Unter den großen österreichischen Privatsammlern ist Herbert Liaunig einer der Zurückhaltenderen, um nicht zu sagen Abweisenden und mitunter sogar Sturen – nicht nur, was die Sammlerei betrifft, die er mit fast undurchdringlicher Unnahbarkeit, Unabhängigkeit und Leidenschaft ungeachtet des Mainstreams betreibt. Das spiegelt sich auch im Außenauftritt des Museums wider, das der Unternehmer für seine mehrere tausend Exponate umfassende Kunstsammlung vor vier Jahren in Neuhaus im Süden Kärntens vom Wiener Architektenteam querkraft errichten ließ.
Das will in jeder Hinsicht erobert werden. Es ist zum Teil in die Erde eingegraben, in Form einer auf einem Hügel oberhalb der Drau abgelegten silbernen Röhre mit 135 Meter Länge und neun Meter Breite. Wer das Haus besuchen will, muss auf die warme Jahreszeit warten, sich einer Führung anschließen – und im Fall des Falles auch Betreuung für den Nachwuchs organisiert haben. Denn Kinder sind im Museum Liaunig erst „ab 12 Jahren herzlich willkommen“ – Resultat der Weigerung des Landes Kärnten, sich auch nur in geringster Form an der Vermittlungsarbeit im Museum zu engagieren. So bleibt die Kunst eben Privatsache.
Jetzt ist es wieder so weit. Unter dem etwas trockenen Titel „Realität und Abstraktion 2“ ist die Sammlung, deren genereller Schwerpunkt die österreichische Kunst nach 1945 ist, neu aufgestellt und das Museum wieder für ein halbes Jahr geöffnet. Die Mühe lohnt sich. Mit dem Schwerpunkt konkrete und reduktive Tendenzen ab 1980 nimmt diese Aufstellung einen bis heute eher unterdrückten Aspekt des heimischen Kunstgeschehens in den Fokus. Denn im Fahrwasser der abstrakten Expressionisten, des Wiener Aktionismus und der Neuen Wilden – denen mit unterschiedlicher zeitlicher Gewichtung in den bisherigen Jahresausstellungen des Museums eine Plattform gegeben wurde – führten geometrisch-abstrakte und formal strengere Äußerungen auch in der Wahrnehmung der österreichischen Kunst seit jeher ein Stiefmütterchendasein.

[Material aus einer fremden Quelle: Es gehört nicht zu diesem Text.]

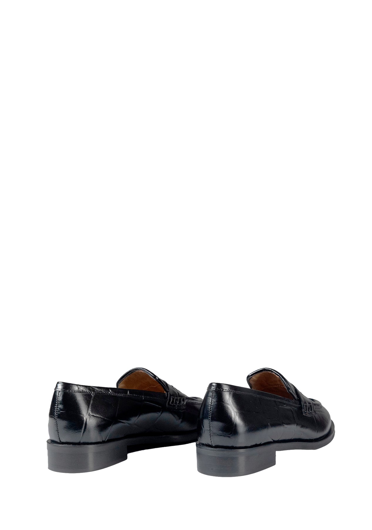 Mocassino in pelle nera leggermente lucida, con finitura effetto coccodrillo.

Ausnahmen bestätigen da nur die Regel.
Von Sol Lewitt bis Eva Schlegel
Rund 200 Werke hat Herbert Liaunig höchstpersönlich ausgewählt, Sohn Peter Liaunig zeichnet für die Architektur und gestalterische Transparenz der Ausstellung verantwortlich. Die meisten Werke stammen aus den letzten drei Jahrzehnten, mit Referenzen auf die Generation der Väter und Mütter. Es ist durchaus als Signal zu verstehen, dass sich darunter prestigeträchtige internationale Positionen wie Josef Albers, Sol Lewitt, Pierre Soulages, Alighiero Boetti alias Alighiero e Boetti oder Franz Erhard Walther befinden. Für die historischen Beiträge der Ausstellung – etwa die meditativen Skulpturen von Karl Prantl, Marc Adrians Op-Art, die lettristischen Bilder Heinz Gappmayrs, die geometrische Malerei einer Helga Philipp, Hildegard Joos oder eines Hermann J. Painitz oder die installativen Arbeiten von Roland Goeschl, Klaus Pinter, Fritz Panzer – bilden sie ein Netzwerk, das über die heimische Szene hinausgehende diskursive Zusammenhänge aufzeigt. Für die Künstler der mittleren und jüngeren Generation – von Franz Graf bis Eric Kressnig, Eva Schlegel bis Suse Krawagna, Helmut Bruch bis Michael Kienzer – zählen sie hingegen zum Kanon.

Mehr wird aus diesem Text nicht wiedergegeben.